Mass spectrometry imaging 1: Loading and exploring MSI data

Overview

question Questions
  • How to upload an imzML file into Galaxy
  • Getting an overview of the MSI data with the MSI quality report tool
  • How to export MSI data as tabular files
objectives Objectives
  • Basic understanding of handling and exploring an imzML file in Galaxy
requirements Requirements

time Time estimation: 30 minutes

Introduction

This tutorial introduces the handling of the mass spectrometry imaging (MSI) file type imzML in Galaxy and some first steps to explore the data.

Mass spectrometry imaging is applied to measure the spatial distribution of biomolecules such as peptides, proteins, metabolites or chemical compounds. Depending on the analyte of interest, different ionization sources and mass analyzers are used in the mass spectrometer. Traditionally, the resulting MSI data is exported in the file format of the mass spectrometry vendor. With the introduction of the common standard format imzML, more and more vendors provide an imzML export option and further software exists to convert proprietary files into an imzML file. The imzML file format was introduced to ease the exchange of MSI data between different instruments and data analysis software Schramm et al., Journal of Proteomics, 2012. Galaxy also supports the Analyze7.5 data format, that is used by ABSciex mass spectrometers. Independent of the file type all MSI data experiments contain full mass spectra consisitng of mass over charge (m/z) - intensity pairs. Each spectrum has x- and y-coordinates that define the pixel in which it was measured. Often thousands of spectra with hundrets of m/z features are acquired leading to big and complex data. Before starting with the data analysis it is therefore helpful to visualize all levels of the data in different ways to better understand the data and to obtain an idea about it’s quality and usefulness.

Agenda

In this tutorial, we will deal with:

  1. Uploading an imzML file into Galaxy
  2. Exploring MSI data with the MSI quality report tool
  3. Exporting MSI data to tabular files

Uploading an imzML file into Galaxy

In case no direct imzML export is provided by the mass spectrometer software, proprietary files can be converted to imzML files with the tools provided on the following website: ms-imaging.org. The imzML file consists of two files: The first file contains the metadata in an XML file and has the extension .imzML. The second file contains the mass spectra data and is saved as binary file and its extension is .ibd. To be valid both files must have the same filename before the extension. More information about the imzML file structure can be found here: ms-imaging.org. Galaxy provides the composite upload for files consisting of several components.

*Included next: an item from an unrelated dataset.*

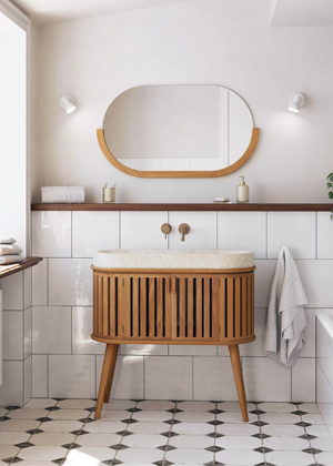 Foto: WestwingUmyvadlo Rokia se skříňkou z teakového dřeva, šířka 95 cm, výška 90 cm, cena 18 199 Kč , www.westwing.cz

In this tutorial we will use a dataset obtained from imaging a mouse kidney. To make computation times more suitable for this training, only the m/z range from 1220 - 1625 and a part of the pixels (purple rectangle in figure 1) containing about half of the kidney and one Bombesin spot were kept.

mouse kidney image
Figure 1: Mouse kidney sample before mass spectrometry measurement

hands_on Hands-on: Uploading an imzML file

  1. Create a new history and give it a name.

    tip Tip: Create a new history

    1. Click on the galaxy-gear icon (History options) on the top of the history panel
    2. Click on Create New
  2. Download the imzML data from Zenodo locally:
    https://zenodo.org/record/1560646/files/mouse_kidney_cut.imzML
    https://zenodo.org/record/1560646/files/mouse_kidney_cut.ibd
    
  3. Upload the data on Galax via the composite option

    tip Tip: Upload via the composite option

    • Open the Galaxy Upload Manager (galaxy-upload on the top-right of the tool panel)
    • Click on Composite on the top
    • Set Composite Type to imzml
    • Expand the first Select button (for the imzML metadata component)
    • Select Choose local file and the local mouse_kidney_cut.imzML file
    • Paste the link into the text field: https://zenodo.org/record/1560646/files/mouse_kidney_cut.imzML
    • Expand the second Select button (for the mass spectral data component)
    • Select Choose local file and the local mouse_kidney_cut.ibd file
    • Press Start
    • Close the window
    Upload imzML files
    Figure 2: Upload an imzML file via the composite upload

    tip Tip: FTP upload for large files

    • In case one subfile is larger than 2 GB the uploading needs to be done via ftp.
    • The necessary steps are explained in this tutorial Getting data into Galaxy

    tip Tip: Uploading an Analyze7.5 file

    • Analyze7.5 files are also supported by Galaxy.
    • The file consists of three components and is therefore uploaded via the ‘composite’ function, analogously to the imzML upload.
    • The files to select in the composite tab are the header file .hdr, the m/z values file .t2m and the spectra file .img.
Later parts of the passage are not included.